Re: Limit of trigonometric equation

Quote:

Originally Posted by

**Lepzed** I'm working through some trig questions and don't understand this one:

$\displaystyle \lim_{ x \to 0} \frac{1 - \cos 2x}{3x^{2}}$

My first thought was since $\displaystyle \lim_{x \to 0} \cos x = 1$, the answer would be 0, but alas, it turned out to be $\displaystyle \frac{2}{3}$

Note that $\displaystyle \cos (2x)=1-2\sin^2(x)$ thus

$\displaystyle \frac{1 - \cos (2x)}{3x^{2}}=\frac{2\sin^2(x)}{3x^{2}}=\frac{2}{3 }\left(\frac{\sin(x)}{x}\right)^2$

Re: Limit of trigonometric equation

Ah, so I should've rewritten the cos 2x expression, before applying the limit.

Thanks! Really helpful!

Re: Limit of trigonometric equation

I worked through another exercise and I'm wondering if my approach is correct. It might be a bit verbose, but I'd like to be clear on my train of thought:

$\displaystyle \lim_{x \to 0} \frac{x^2}{\sin x \tan 3x} = \lim_{x \to 0} \frac{x^2}{\sin x \frac{\sin 3x}{\cos 3x}} = \lim_{x \to 0} \frac{x^2}{\frac{ \sin x \cos x \sin 3x}{\cos 3x}} = \lim_{x \to 0} \frac{x^2 \cos 3x}{\sin x \cos x \sin 3x} = \lim_{x \to 0} \frac{x \cos 3x}{ \sin 3x \cos x } = \lim_{x \to 0} \frac{x}{ \sin 3x} = \frac{1}{3}$

Am I doing anything illegal here? I can't really identify with the meaning of this, so it's a mechanical process for me, I can't visualize this at all.

Re: Limit of trigonometric equation

Quote:

Originally Posted by

**Lepzed** I worked through another exercise and I'm wondering if my approach is correct.
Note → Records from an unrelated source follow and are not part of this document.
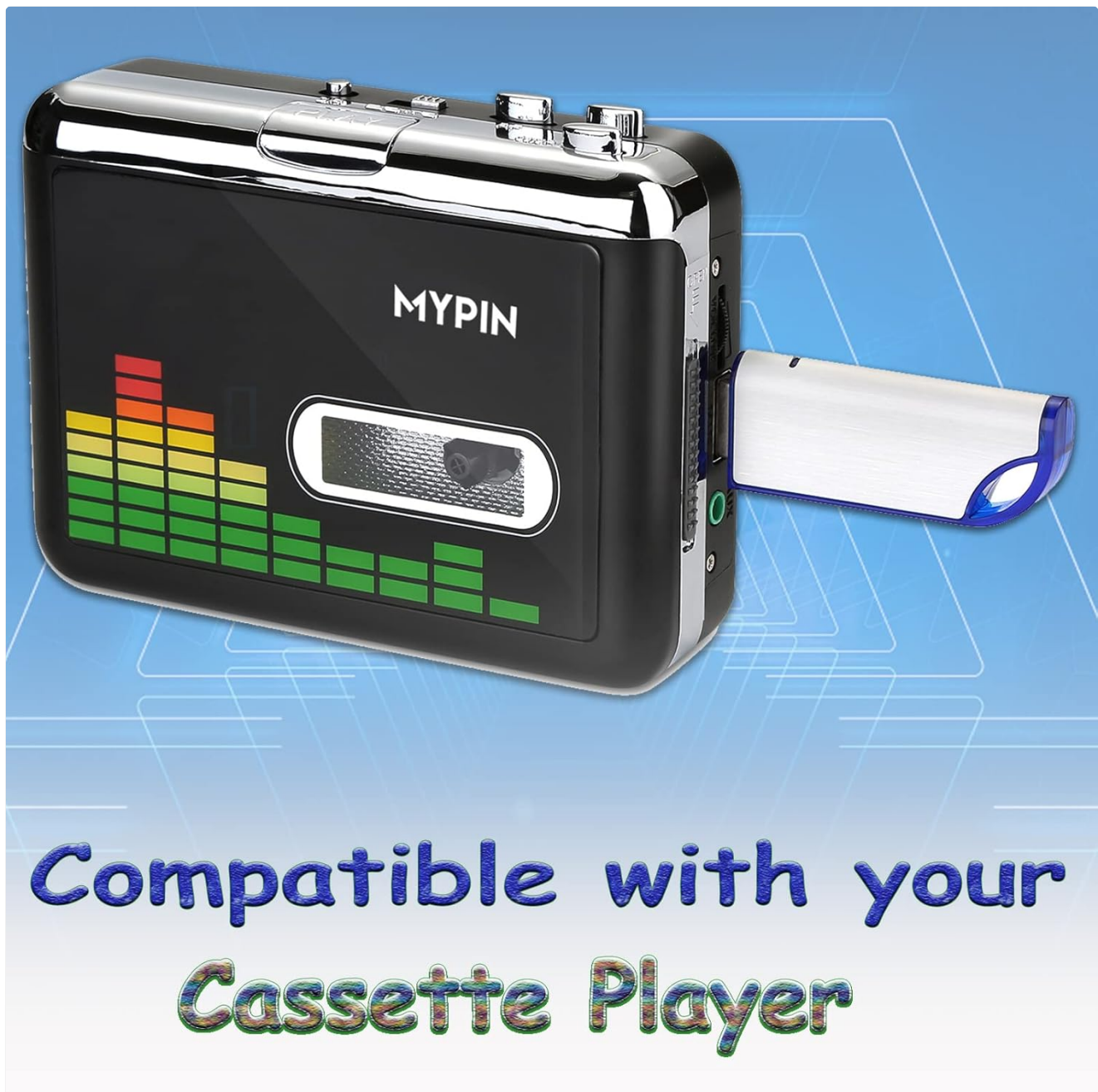
Image: The USB flash drive connected to a cassette player, demonstrating its compatibility for recording or playback with such devices.
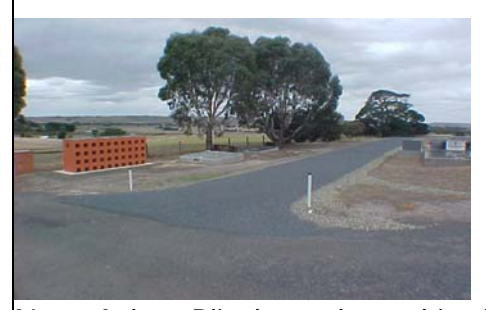
New Ashes Plinth and road in the Methodist section

Casterton is indeed indebted to Jim not only for his contribution to the cemetery but in many other roles in the town.
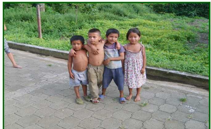
Children from San Antonio - Dolores
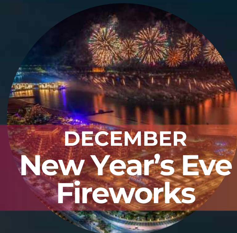
DECEMBER New Year's Eve Fireworks

For more information on the events taking place in Ras Al Khaimah, please visit rakcalendar.ae
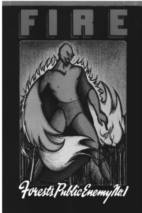
Figure 2: Depicts a propaganda poster designed to highlight and promote fire as the “red-menace”.

ecology, federal agencies continued to suppress fire. Fire suppression significantly within the US Forest Service who sought to protect “public” forests, land and science (USDA Official Site). “Public” is purposefully in quotation marks here because the U.S. forest service in California directly ignored the light-burning controversy; which predicted the buildup of fuels and demanded for Indigenous presence in their aboriginal forests (Nijhuis, 2015).
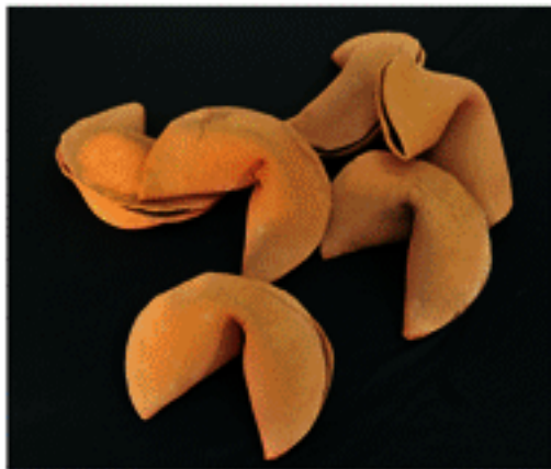
Fortune Cookies, Ceramic

Stripping down the real in each of us, the sculptures I create are left naked.
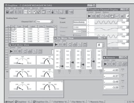
DaqView™ graphical data acquisition and display software is included with all DaqBook systems
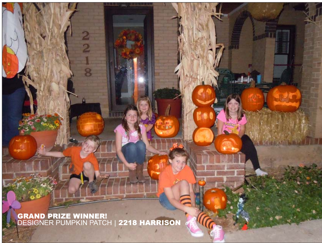
GRAND PRIZE WINNER! DESIGNER PUMPKIN PATCH | 2218 HARRISON
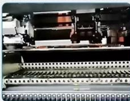
Electric batch leakage test
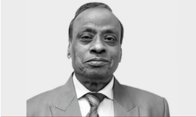
DIRECTOR ACADEMIC ADMINISTRATION

I, with immense pleasure, welcome you to the Santosh Deemed to be University, Ghaziabad, Delhi-NCR where your journey starts towards an important goal to become a good Doctor to serve humanity. Santosh Deemed to be University serves as a unique Institution delivering quality Medical, Dental education and services with a smile. Several Institutions function under the auspices of Santosh Deemed to be University providing excellent academic and infrastructural facilities.

It might be a bit verbose, but I'd like to be clear on my train of thought:

$\displaystyle \lim_{x \to 0} \frac{x^2}{\sin x \tan 3x} = \lim_{x \to 0} \frac{x^2}{\sin x \frac{\sin 3x}{\cos 3x}} = \lim_{x \to 0} \frac{x^2}{\frac{ \sin x \cos x \sin 3x}{\cos 3x}} = \lim_{x \to 0} \frac{x^2 \cos 3x}{\sin x \cos x \sin 3x} = \lim_{x \to 0} \frac{x \cos 3x}{ \sin 3x \cos x } = \lim_{x \to 0} \frac{x}{ \sin 3x} = \frac{1}{3}$

It would easier to follow writing it as:

$\displaystyle \left( {\frac{x}{{\sin (x)}}} \right)\left( {\frac{x}{{\sin (3x)}}} \right)\left( {\frac{{\cos (3x)}}{{\cos (x)}}} \right)$